Arts

Jeu de pouvoir

Le Comité d'exposition des étudiants en histoire de l'art propose une expérience enrichissante permettant d'affiner notre compréhension de l'œuvre d'art

Par : Renée Larochelle
Vue de l'installation de l'artiste Gabrielle Brochu, <i>Stérile</i> (2018).
Vue de l'installation de l'artiste Gabrielle Brochu, <i>Stérile</i> (2018).
Découvrir des œuvres d'étudiants en arts ou d'artistes tout en profitant des commentaires éclairés de futurs historiens de l'art: voilà l'invitation lancée aux visiteurs de l'exposition Jeu de pouvoir par le Comité d'exposition des étudiants en histoire de l'art de l'Université Laval. L'événement en est à sa quatrième année et regroupe le travail de 10 créateurs et créatrices. «Avec cette exposition, nous souhaitons faire le lien entre deux disciplines. Dans cet esprit, les étudiants en histoire de l'art ont été invités à écrire leurs textes en collaboration avec les artistes,» explique Raphaël Ouellet, co-commissaire de l'exposition avec Charlotte Guérin. L'exposition a pour but de mettre en lumière les rapports de force qui régissent les relations entre l'artiste et son œuvre, son public et son monde, d'affirmer le co-commissaire. D'où le titre: Jeu de pouvoir.

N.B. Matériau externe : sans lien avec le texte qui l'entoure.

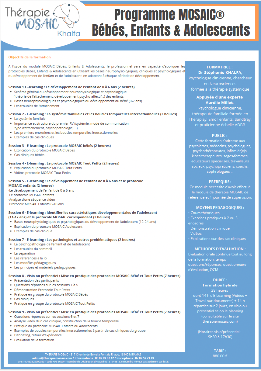 Objectifs de la formation : A l’issue du module MOSAIC Bébés, Enfants & Adolescents, le professionnel sera en capacité d’appliquer les protocoles Bébés, Enfants & Adolescents en utilisant les bases neurophysiologiques, cliniques et psychologiques et du développement de l’enfant et de l’adolescent, en adaptant à chaque période de développement.
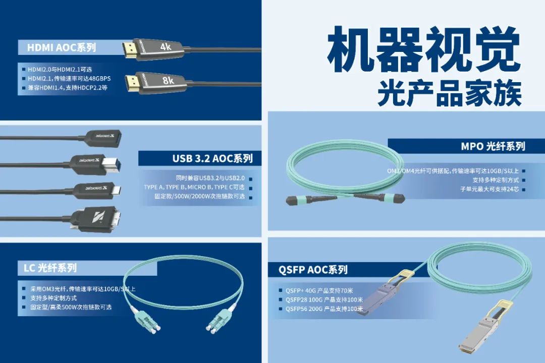 应用于机器视觉的HDMI AOC,USB3.2 AOC,MPO,LC,QSFP AOC等光产品方案

Avec sa série intitulée Blood Venus, peinte avec du sang menstruel, Mathilde Bois brise un tabou. L'artiste a choisi de reproduire des figurines féminines datant de l'époque paléolithique, des Vénus, nommées en hommage à la déesse de la beauté romaine. Selon Alexandra-Élisabeth Bérubé, «Mathilde Bois nous offre une parfaite catharsis de notre relation ambiguë avec la sexualité féminine, par une réappropriation de ce sang détritus au rang de médium. Le pouvoir séducteur du corps féminin se voit contaminé par la violence et la douleur liées à la fécondité. C'est une prise de pouvoir féminine par une mise en valeur de ce qui provoque l'abjection.»

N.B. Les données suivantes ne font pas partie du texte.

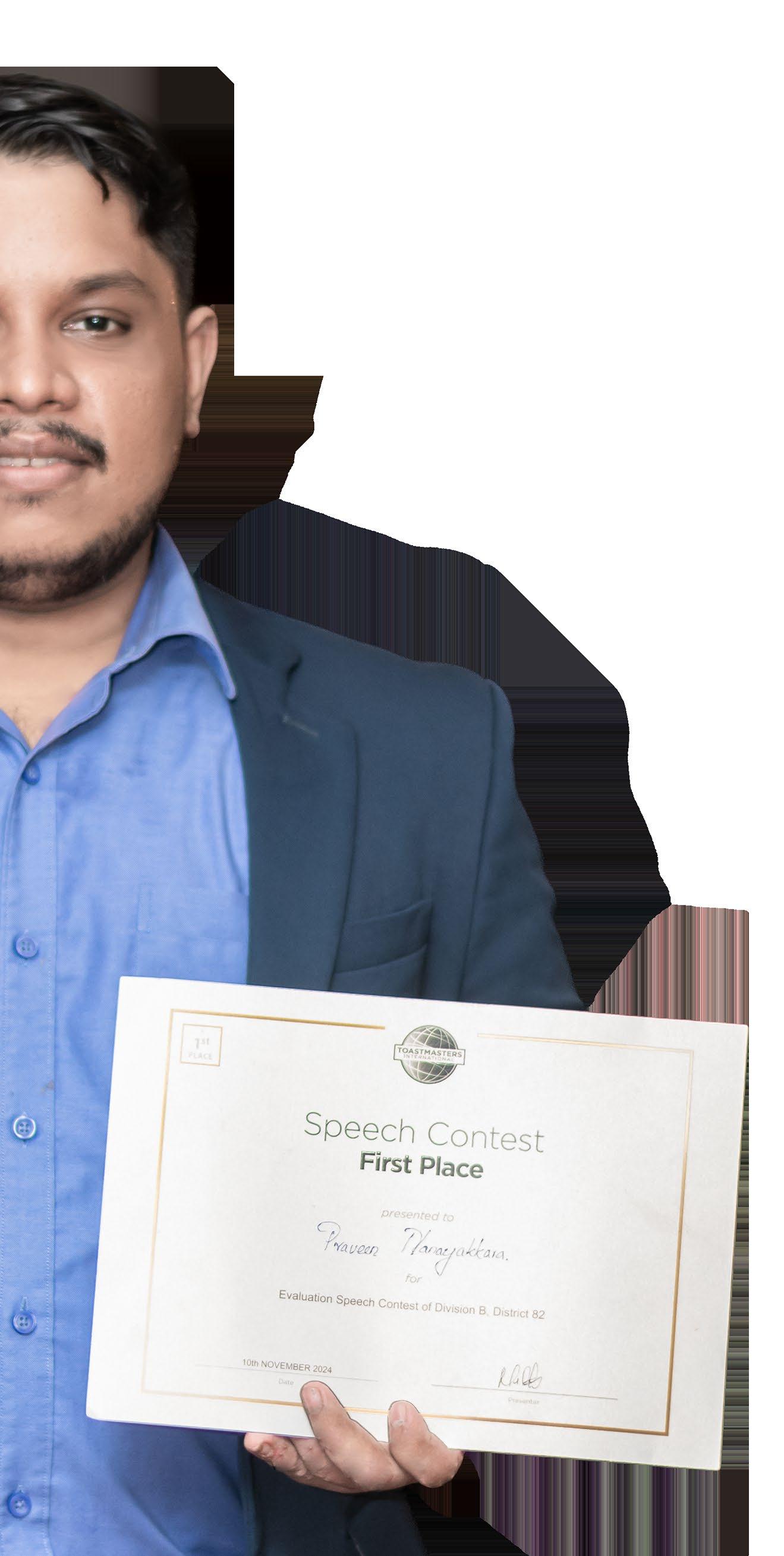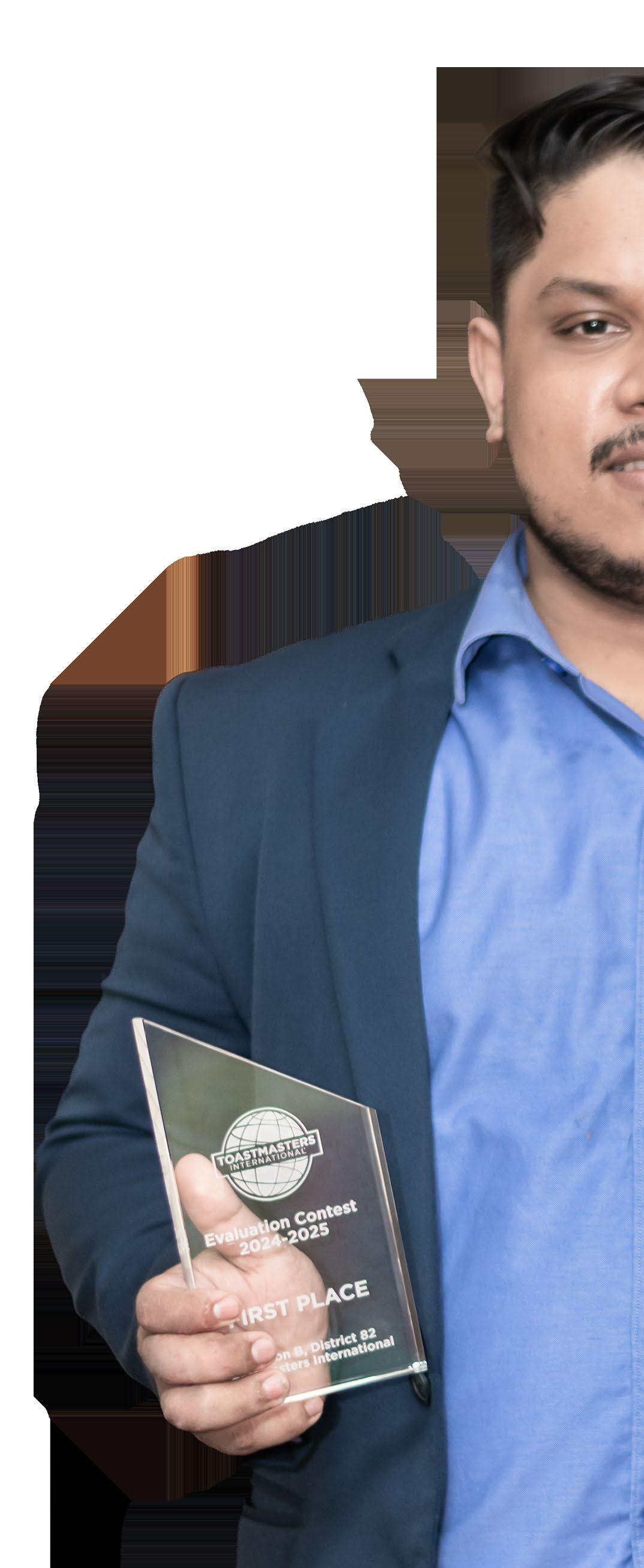 Such significant endeavours demand unwav ering commitment from members and excel lent leadership. The leadership exemplified by Nishedha and her team, and the dedication shown by all members of the club are truly commendable. It is through your collective ef forts and steadfast determination that District 82 continues to thrive. You also achieved the Smedley Award this year, contributing to Dis trict 82 being recognised for having the high est number of Smedley Award winning clubs in Toastmasters International. Beyond that, I am sure that every member – new and existing – continues to provide their unique contribu tions to forming the ethos of your club.

Stérile, œuvre de Gabrielle Brochu, composée de photographies et d'une délicate broderie, témoigne des fortes tensions au cœur des relations amoureuses. «Complexifiées au contact du monde virtuel et des réseaux sociaux qui incitent à l'immédiateté, les relations sont consommées de manière chronique, souligne Annabelle Vieux Francoeur. (…) Ces rapports dénués de véritable intimité demeurent affectivement stériles. Les individus affamés d'amour instantané naviguent dans le néant à la recherche de la prochaine conquête qui saura peut-être combler leur vide.»

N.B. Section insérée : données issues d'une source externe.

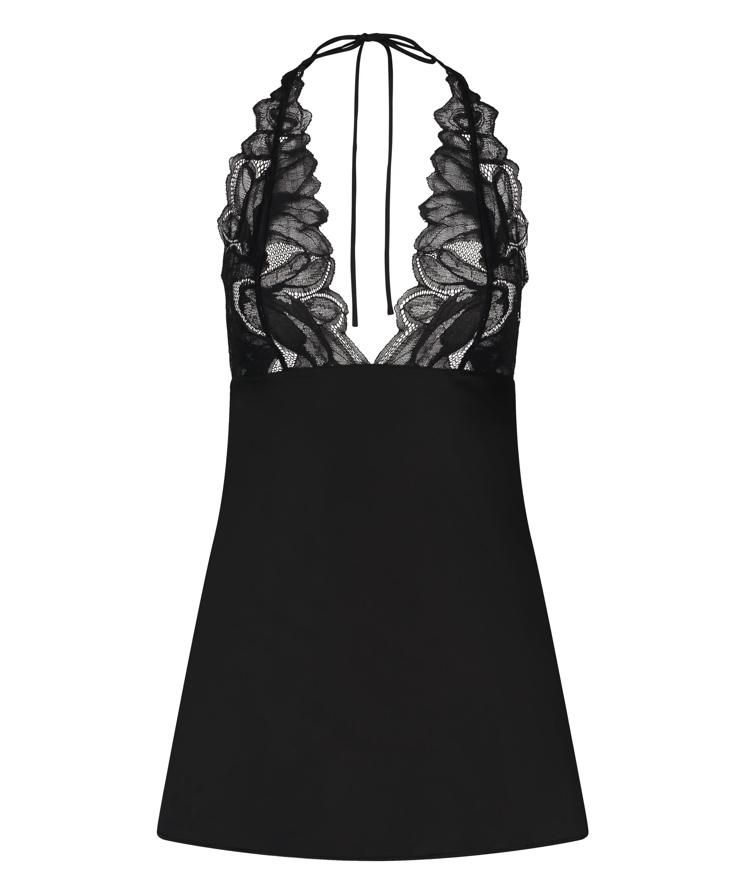 This slip dress is a must-have for your elegant collection! It is made of satin, has a beautiful v-neck and contains beautiful lace details. Combine with a matching kimono for a complete look. Part of the Private collection.
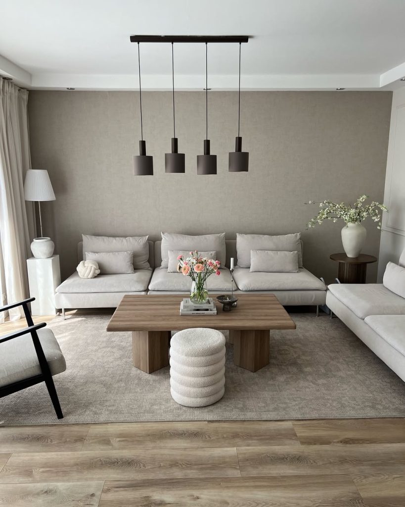 This living room embodies the Japandi approach, where minimalist Japanese influence meets Scandinavian calm. Soft neutral tones and a sculptural coffee table set the stage for understated modern luxury. Wall treatments with geometric patterns add depth, while low furniture keeps the space light and grounded. The overall design feels serene and uncluttered, perfect for creating a cozy environment without excess. It’s a space that speaks to inspiration seekers who crave harmony in their everyday living.
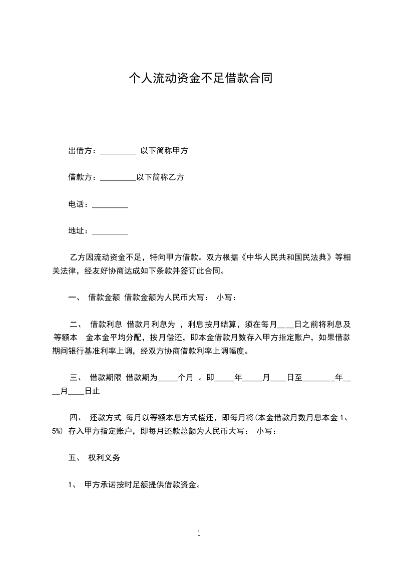 乙方因流动资金不足,特向甲方借款。双方根据《中华人民共和国民法典》等相关法律,经友好协商达成如下条款并签订此合同。
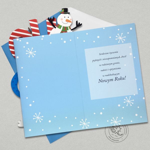 To propozycja pe³na energii i humoru – doskona³a dla dzieci, m³odzie¿y i wszystkich, którzy lubi± nowoczesne, pozytywne ¶wi±teczne motywy. Wewn±trz znajduje siê miejsce na ¿yczenia lub gotowy tekst, a ca³o¶æ uzupe³nia kolorowa koperta w dopasowanej tonacji.
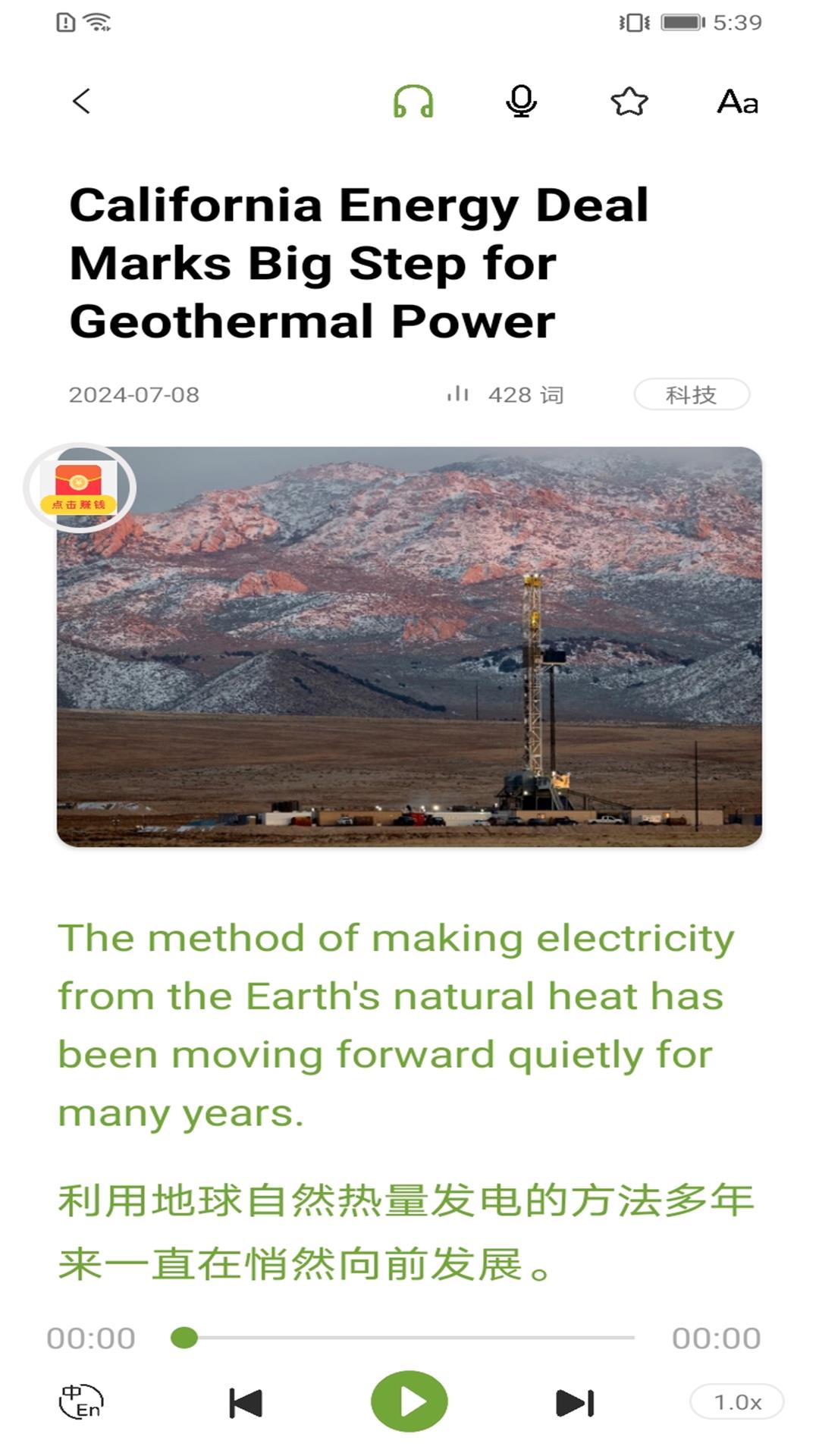 软件具备诸多强大功能,例如语音调速、显示英文、单句播放。当您遇到不认识的单词时,还能进行查词操作,也可以收藏自己喜爱的文章等。
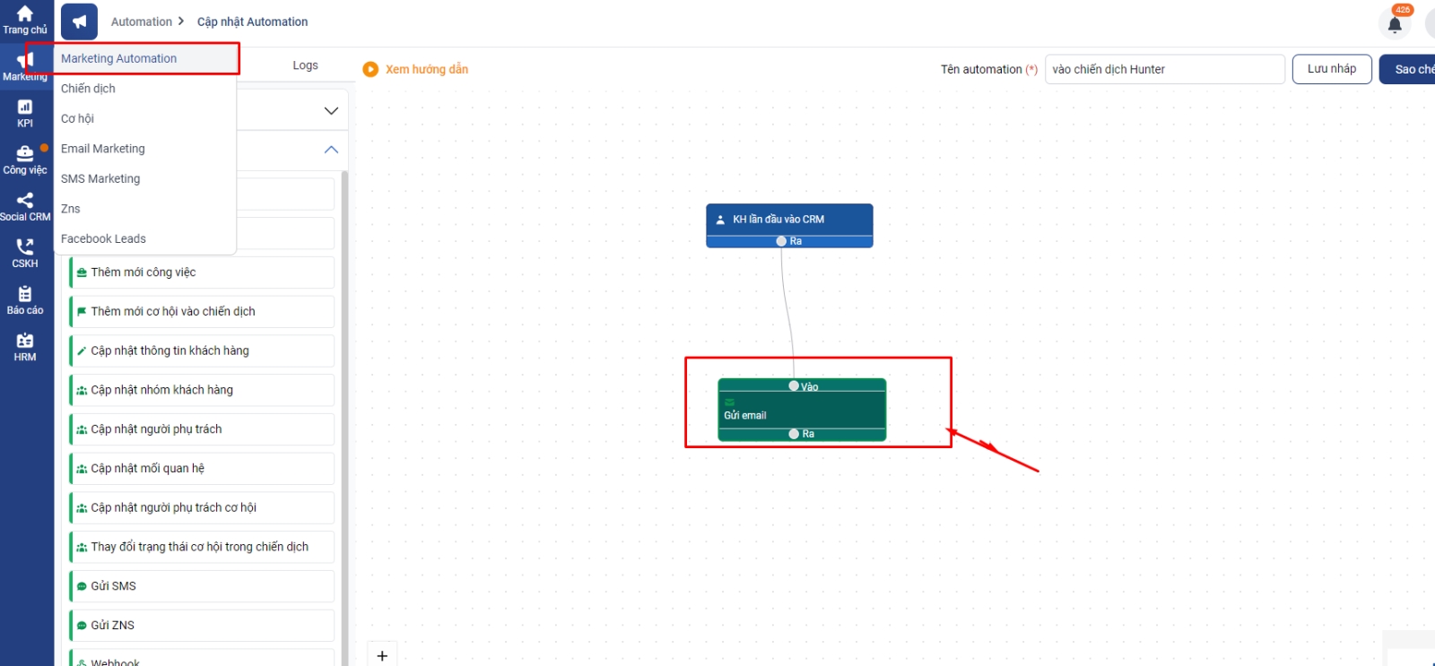 + Chọn điều kiện Khách hàng lần đầu vào CRM và Thao tác Gửi Email

La couleur des paupières, collage de Mathieu Bouchard, nous plonge dans le monde du fameux magazine érotique Playboy. Dans son commentaire, Julia Caron-Guillemette explique que cette œuvre est l'occasion pour l'artiste de dévoiler les rapports de puissance qui sous-tendent le magazine, exposant la transformation de la femme en véritable objet, en bien de consommation. «Mathieu Bouchard donne à voir de façon évidente la mise à nu du désir des acquéreurs du fameux magazine et marque la proximité avec la pornographie. Ces images ne laissent aucune ombre planer sur la forme du désir dont elles sont à l'origine.»

Les photos d'Élie Dubois-Sénéchal présentent l'ambiguïté de la mise en scène au quotidien. «Avec Identité, l'artiste met de l'avant la fluidité identitaire, le queer, tout en remettant en question la binarité rigide des normes sociales, commente Alexandrine Marcoux. (…) L'artiste impose la différence, son identité: elle choisit de s'ancrer dans le monde et de s'y inscrire, mettant en lumière les masques que nous nous imposons pour ensuite les reconsidérer, puis les faire tomber.»

Les autres artistes exposés sont Carolanne Bélanger, Cassandre Boucher, Marie-Ève Fréchette, Lana Greben, Anne-Marie Proulx et Marion Schneider.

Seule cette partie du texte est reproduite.